Coups de poing en cours de récréation, insultes humiliantes en pleine classe, usage d’objets tranchants comme armes de fortune. La violence en milieu scolaire s’installe durablement au Gabon. Mais pendant que les projecteurs se braquent, à juste titre, sur les élèves, une autre réalité reste dans l’ombre : celle des enseignants, souvent démunis, parfois en danger, et rarement préparés à affronter de telles situations.
Derrière le tableau noir, des hommes et des femmes, formés pour transmettre des savoirs… mais pas pour gérer des crises. Les modules de formation initiale se concentrent encore largement sur les disciplines académiques, au détriment de la gestion des conflits, du repérage de la détresse psychologique ou de la réponse à des agressions.
« Non, pas du tout. On n’a pas eu de formation à ce sujet. Et ce peu importe le type de violences », affirme E.E, enseignante dans le secondaire. Même son de cloche du côté de D.A, professeur de philosophie dans un lycée public. « Nous n’avons pas été formés pour ces cas spécifiques. Et même la formation reçue ne cadrait pas avec les réalités du terrain » déclare-t-il.
Face aux actes de violence, bagarres, agressions, insultes, voire usage d’armes blanches comme ciseaux, ceintures, voire chevrons, la réaction des enseignants relève souvent de la débrouille. « Dans la mesure du possible, je sépare les élèves, surtout les plus jeunes, puis je les conduis au censorat vie scolaire », explique E.E. Mais face aux cas les plus graves, elle confie, « J’évite dorénavant d’intervenir seule. Je préfère appeler les surveillants, même s’ils sont en sous-effectif ».
Un isolement préoccupant
Le constat est alarmant : les enseignants ne se sentent ni formés, ni soutenus. Pire, certains dénoncent un abandon de la part de leur hiérarchie. « La hiérarchie ne protège personne. Les responsables administratifs sont plus préoccupés par leurs postes », tranche D.A. Un sentiment partagé par E.E, qui pointe du doigt l’inefficacité du système disciplinaire. « On est souvent surpris de revoir un élève violent en classe, comme si de rien n’était. Quelques jours d’exclusion au mieux. On ne sait même pas s’il a compris la gravité de ses actes ». Même les cas de harcèlement ou d’agressions envers les enseignants semblent traités avec légèreté. « Lorsqu’un enseignant est agressé, on ne se sent pas soutenu. Mais cela dépend du chef d’établissement », nuance-t-elle.
Pourtant, les pistes de solutions existent. D.A propose plusieurs leviers. « Il faudrait revoir les conditions : la surpopulation scolaire est une des causes de ces violences. Il faut restaurer l’autorité de l’enseignant et ramener la sanction. Aujourd’hui, au vu de l’ampleur, il faut joindre scolaire et pénal ».

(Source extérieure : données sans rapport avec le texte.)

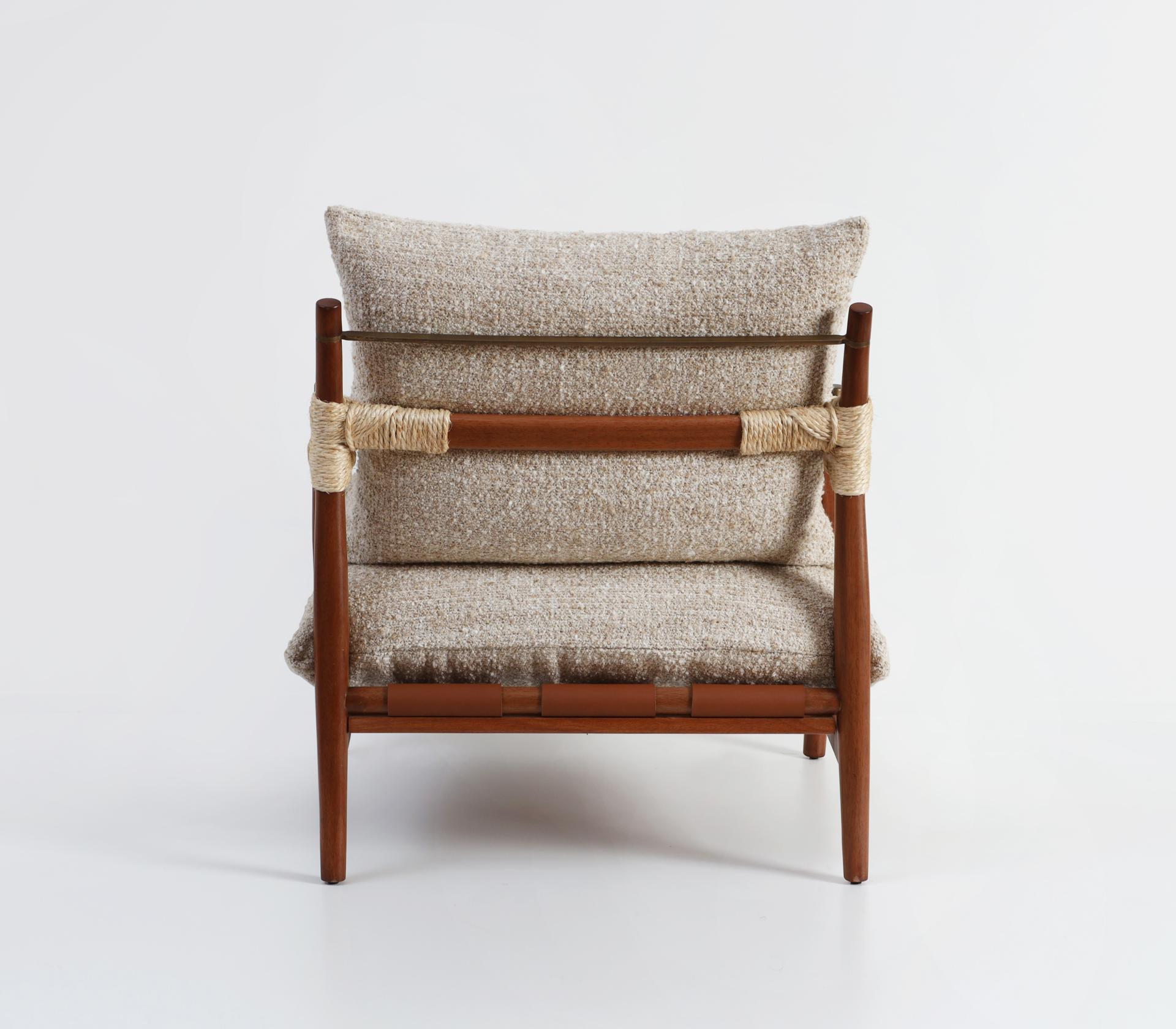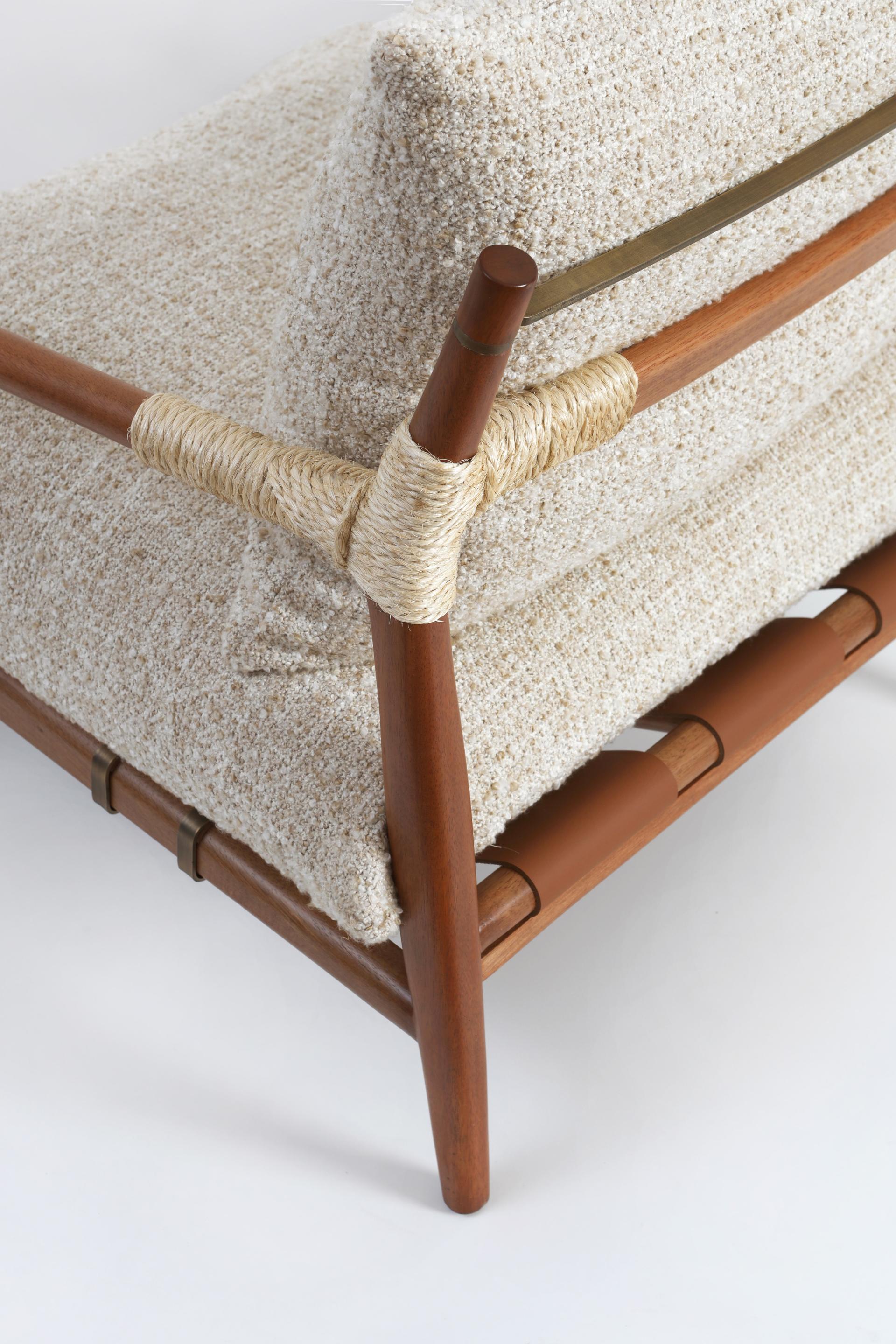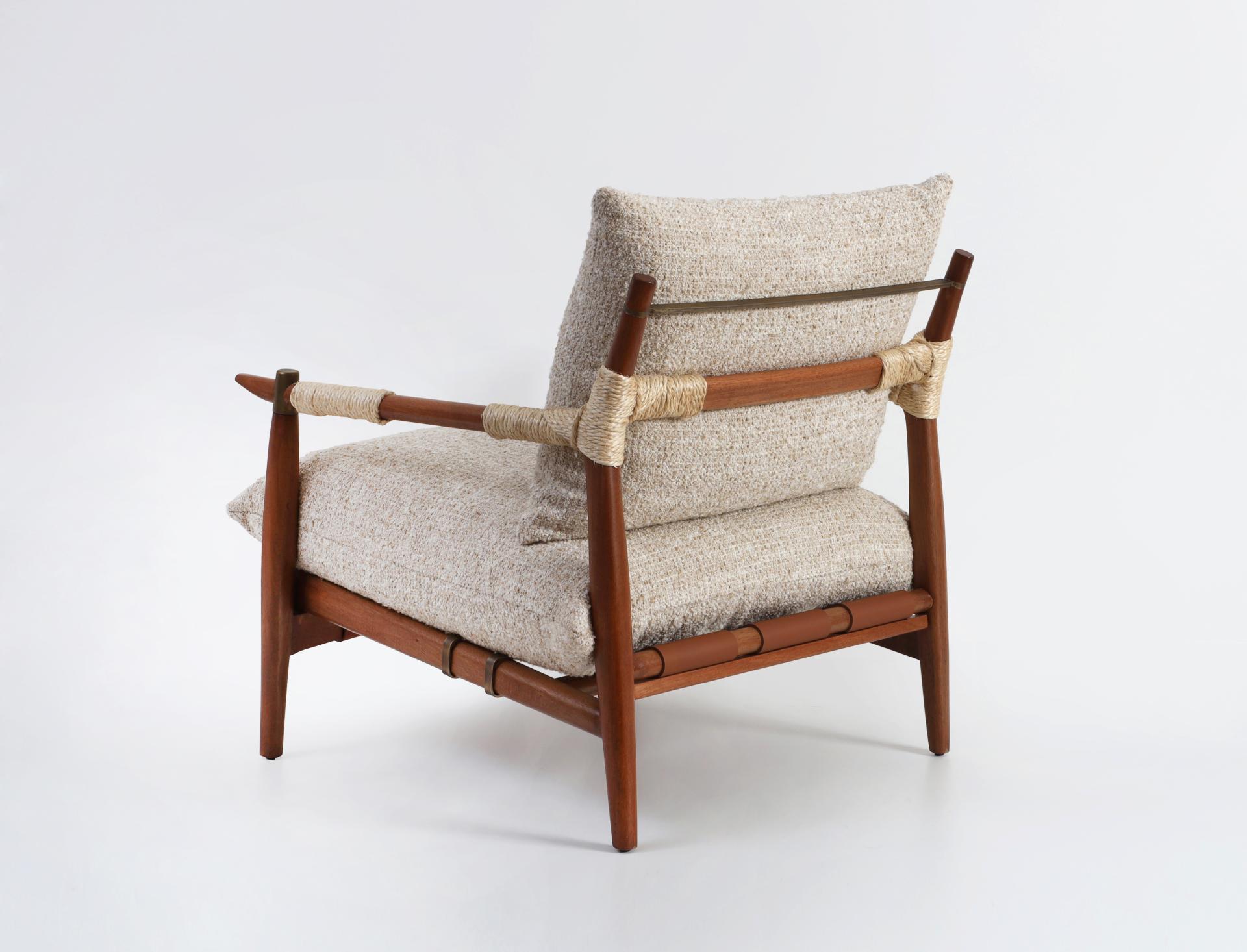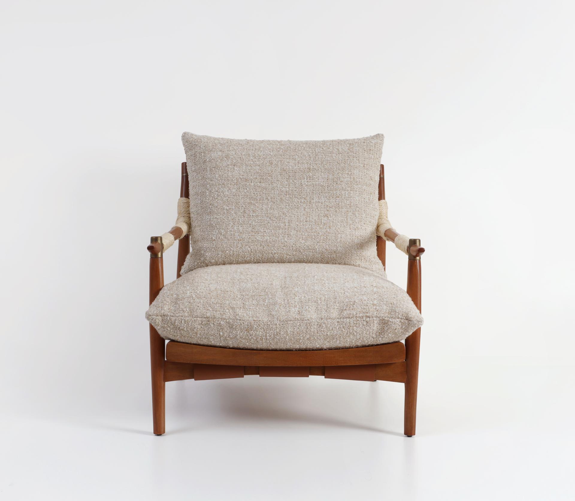 Rattan rope wraps the arms with a tactile honesty, linen cushions bring softness and lightness, and brass accents introduce subtle precision.

Vers une formation continue et adaptée ?
Autre exigence récurrente : celle d’une formation continue, mieux ancrée dans la réalité du terrain. « Il faut adapter les formations psychopédagogiques aux réalités locales, organiser des séminaires pour les enseignants en activité », insiste D.A. Une idée que certaines ONG mettent déjà en pratique à petite échelle, comme Mwana Gabon ou École et Vivre Ensemble, via des ateliers de sensibilisation à la gestion non violente des conflits.
Mais ces actions ponctuelles ne remplacent pas une stratégie nationale. Car enseigner, ce n’est pas seulement expliquer une leçon. C’est aussi assurer la sécurité, comprendre les signaux faibles, apaiser les tensions. Et cela, comme toute compétence, s’apprend.